The protections of 42 U.S.C. § 1981 were originally enacted by the Civil Rights Act of 1866 to ensure that “all persons . . . shall have the same right in every State and Territory to make and enforce contracts . . . as is enjoyed by white citizens”. In 1991, Congress amended the statute to define the term “make and enforce contracts” to include the “termination of contracts and the enjoyment of all benefits, privileges, terms, and conditions of the contractual relationship”. Thus, any harassing conduct that occurs after the formation of a contract, including employment contracts, is subject to a cause of action under § 1981, as well as Title VII of the Civil Rights Act of 1964. Section 1981 applies to both public and private sector employers. More importantly, § 1981 is not subject to the caps on compensatory and punitive damages or the administrative charge requirements placed on Title VII race discrimination claims. It is also generally accepted that at-will employment creates a relationship sufficient to file suit under § 1981. The Ninth Circuit, however, has not definitively addressed this issue.

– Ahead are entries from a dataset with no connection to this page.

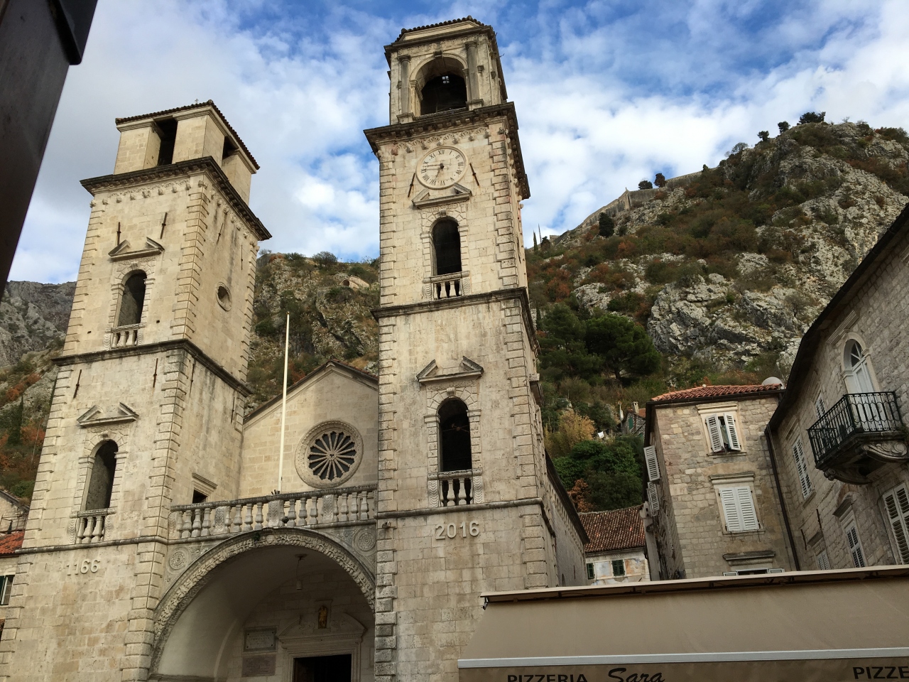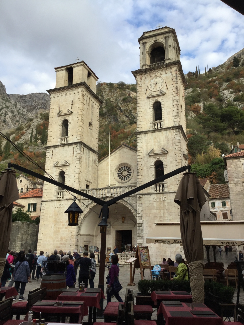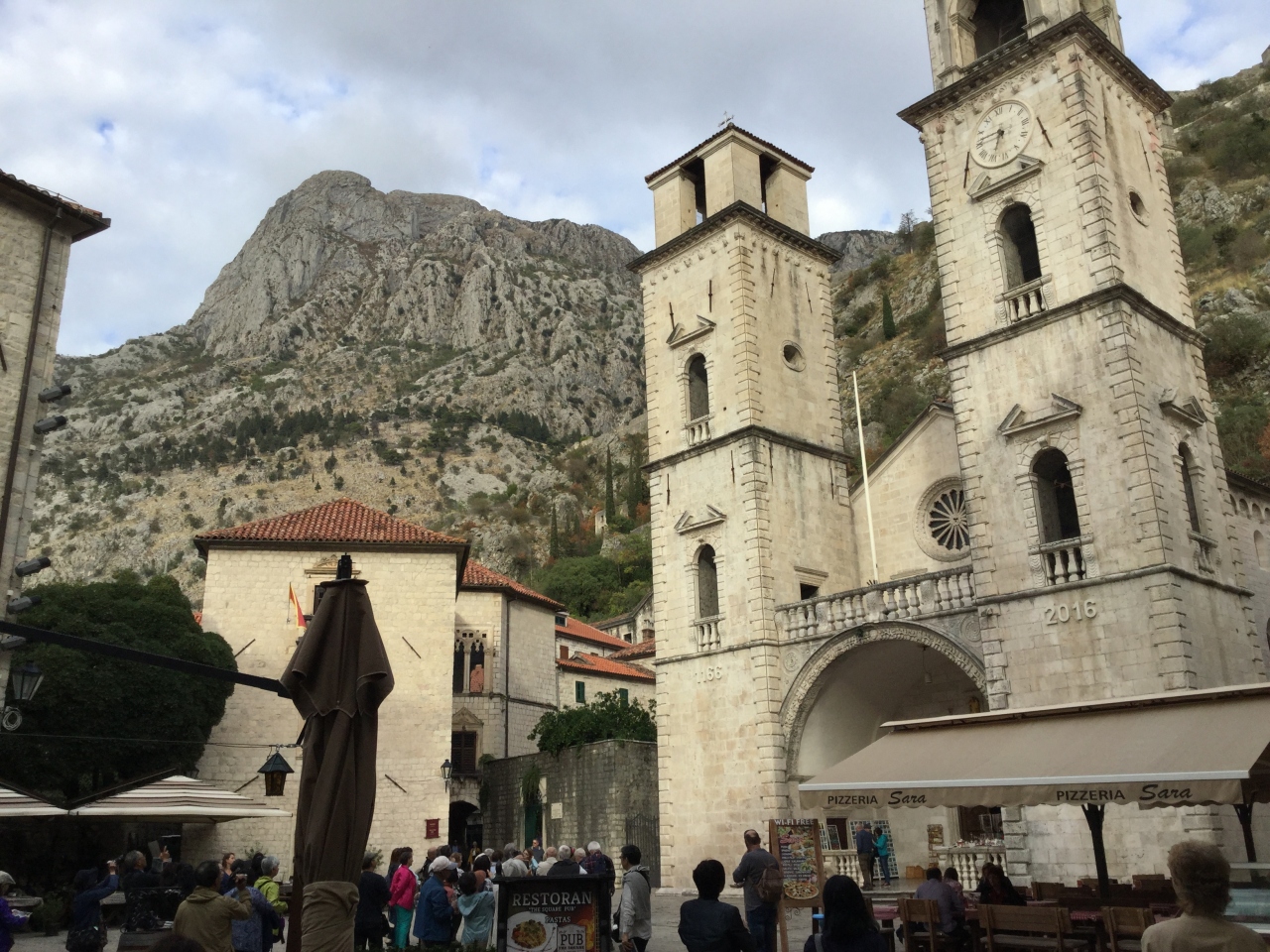 モンテネグロの要塞都市コトル旧市街に行ったら、この聖トリプン大聖堂は、まず、はずせない場所です。コトルのランドマークとして旧市街に迫るロブチュン山に造られた要塞をバックに堂々と聳え立つ姿は見事です。大聖堂のあるトリプン広場は、旧市街で一番広く賑わっています。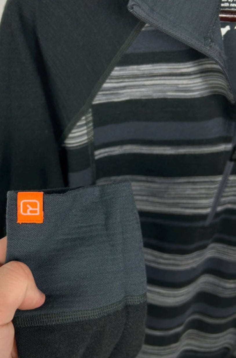 Longsleeve Ortovox Merino (M Herren) 1/3 Zipper Shirt dunkelgrau gestreift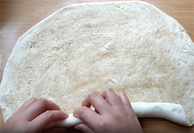 4.然后均匀的涂抹上油酥,这个油酥一定不要太稀,如果过稀的话,一会儿我们开酥油将会全被挤出来,涂抹均匀之后,我们从下向上把面皮卷起,稍微整理一下,下六个面剂。

In the case considered by the Supreme Court, Edith Jones, and several other former employees of R.R. Donnelley & Sons, filed a class action suit alleging that they were subjected to a racially hostile work environment, given an inferior employee status, and wrongfully terminated, in violation of § 1981. The suit was filed more than two years, but less than four years, after the date of termination. The employer argued that the claim was barred by the Illinois two year statute of limitations. The District Court disagreed, finding that the “catch all” statute, which provides that any “civil action arising under an Act of Congress enacted after [December 1, 1990] may not be commenced later than 4 years after the cause of action accrues”, applied. The Seventh Circuit reversed, finding that the Civil Rights Act of 1991 merely amended Section 1981, and thus the original Act was enacted prior to the “catch all” statute. The U.S. Supreme Court determined that Congress’ intent in drafting the “catch all” statute was to eliminate the uncertainty caused by borrowing state statutes of limitation, and that purpose would not be served if the federal “catch all” statute was applied only to new Acts of Congress. The Court held that the plaintiffs’ claims arose under the Civil Rights Act of 1991 amendments to § 1981, and thus the four year statute of limitations applied.
This decision is important to employers in that it provides employees and former employees with far more time to pursue a race discrimination claims under § 1981 and thereby avoid the damage caps and administrative charge requirements associated with similar Title VII claims.
Jones v. R.R. Donnelley & Sons Co., 514 U.S. ---, No. 02-1205 (May 3, 2004 ).